Na última semana, uma trama familiar em Florianópolis (SC) ganhou visibilidade após um jovem casal expor a perda da guarda do próprio filho, um bebê de 5 meses. Segundo Alan Silveira e Letícia Sales, da criança, o avô paterno da criança, Eduardo Oliveira, solicitou a internação compulsória do filho e da nora, alegando que ambos são dependentes químicos.
Eduardo, o avô, recorreu ao sistema judicial, onde ingressou com uma ação visando não apenas a guarda do neto, mas também a autorização para a internação compulsória de seu próprio filho, Alan, e da nora, Letícia.
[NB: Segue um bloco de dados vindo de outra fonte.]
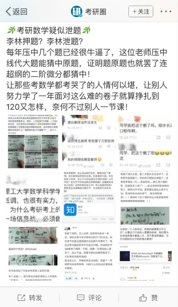 昨日,微博爆出2018考研數(shù)學(xué)科目疑似出現(xiàn)“泄題”事件。

As acusações tiveram como base o laudo emitido por um psiquiatra.
Alegando a gravidade do caso, o tribunal concedeu a Eduardo a custódia da criança e a permissão para a internação. O casal nega que seja usuário de drogas.
No Instagram, um perfil foi criado para divulgar o caso e já conta com mais de 200 mil seguidores. Ainda na plataforma, Alan explica, por meio de vídeos, toda a situação enfrentada pela família.
Em uma publicação, com mais de 1 milhão de visualizações, Letícia aparece dentro de uma ambulância, chorando, enquanto é levada para a clínica psiquiátrica Pinel. Nas imagens, é possível ver a jovem sendo amarrada em uma maca, mesmo não expressando nenhum tipo de resistência.
No momento em que as autoridades policiais foram cumprir o mandado pedido pelo sogro, apenas Letícia estava presente no domicílio. A jovem foi prontamente encaminhada para uma clínica psiquiátrica em Porto Alegre. Alan está escondido e com medo de também ser submetido à internação compulsória. Ele repudia as ações do pai.